Classic MT: Serfdom Alive and Well in Russia

A Foreign Ministry spokesman said the lack of protection under the Labor Code is a result of the two countries not having an agreement that outlines working conditions, which relieves both sides of any obligations.

“Such an agreement is currently in the works, and is about two-thirds ready,” the spokesman said. In the meantime, he said, the burden falls on regional authorities to work out the details of any agreement or contract, which are “often based on a very old framework that dates back to Soviet times.”

Yury Zhilkinsky, an official in the Science and Technology Ministry’s forestry department, said North Korean agents still keep a watchful eye over the discipline of the workers, and rule violators are sent home. “But because there are no regular trains, the hooligans are kept in a special intermediary point until a train is available,” he said, declining to elaborate on the nature of the “special intermediary point.”

“Salaries, medical care, and transportation to and from North Korea are the responsibility of the North Korean side, as is maintaining work discipline,” said Zhilkinsky.

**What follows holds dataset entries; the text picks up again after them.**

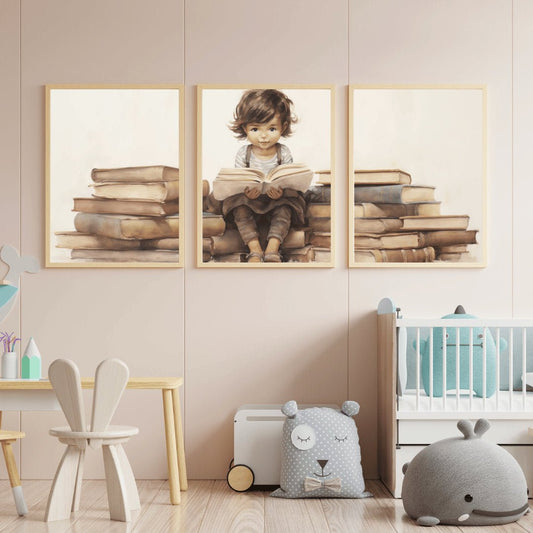 Little Girl on Books Wall Art – Vintage Nursery Print for Toddler Room • Set of 3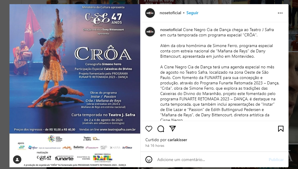Cisne Negro Cia de Dança chega ao Teatro J Safra em curta temporada com programa especial "CRÔA"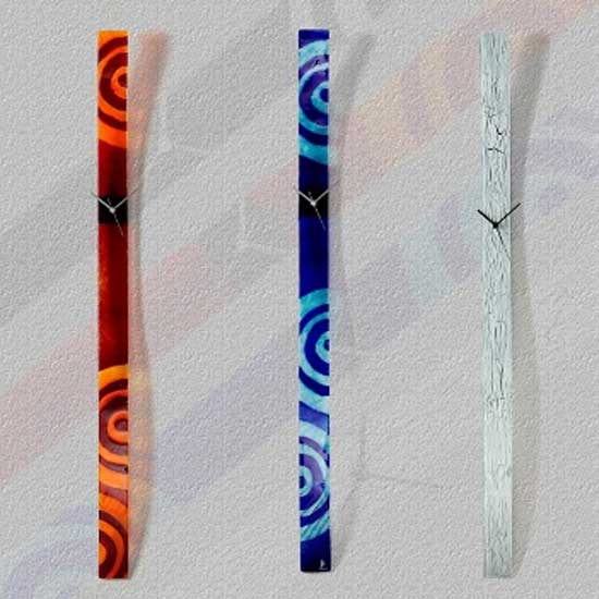 Displayed here is a wall clock with an analog movement. Featuring a long and slim silhouette, this wall clock saves space. Embellished with well-designed patterns, this wall clock showcases a delicate touch.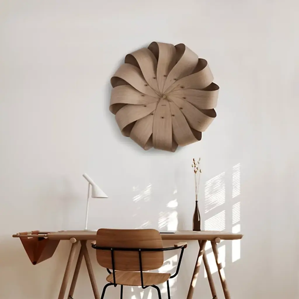 Timekeeping with an emphasis! The Brisa XL Clock from Nomon is a horological feat of design prowess. This extra-large clock is steeped in the longstanding Spanish tradition of artisanal craft. The Brisa XL is the end-result of intentional visionary work by Andres Martinez. Walnut wood serves as the primary material for the body of the clock. The wood has been carefully shaped into a floral, ribbon-like form that gives the timepiece the appearance of malleability. Its delicate features notwithstanding, the clock is incredibly durable. The raised dial demarcations are elegant and subtle. The Brisa XL takes time from being a reminder to a sought-after pleasure.

“The Russian side only provides equipment [and the trees],” he said, adding, however, that when North Korean state management has difficulties with food supplies, the Russian side sends “the occasional railcar of pollock, and a few bags of rice.”

“The Koreans seem to like pollock a lot,” Zhilkinsky said. Pollock is a variety of codfish.

Officials in Krasnoyarsk said there were at least a thousand North Korean construction workers in the region who are valued because they are cheap.

The North Korean company Renrado, however, claims to pay its workers, who are under strict supervision across Siberia and the Far East, between $500 and $800 a month. The average salary in Russia is about $100, while freelance construction workers in cash-rich Moscow rarely manage to pull in $300.

North Koreans are working with the permission of their government in European Russia as well. There are dozens of small groups of North Korean sharecroppers 170 kilometers south of Moscow, in the Kaluga region, said Nikolai Kamensky, the local administration official responsible for external economic relations.

Local agricultural enterprises assign the groups a plot of land and take a percentage of the harvest — a practice found in many other regions, Kamensky said.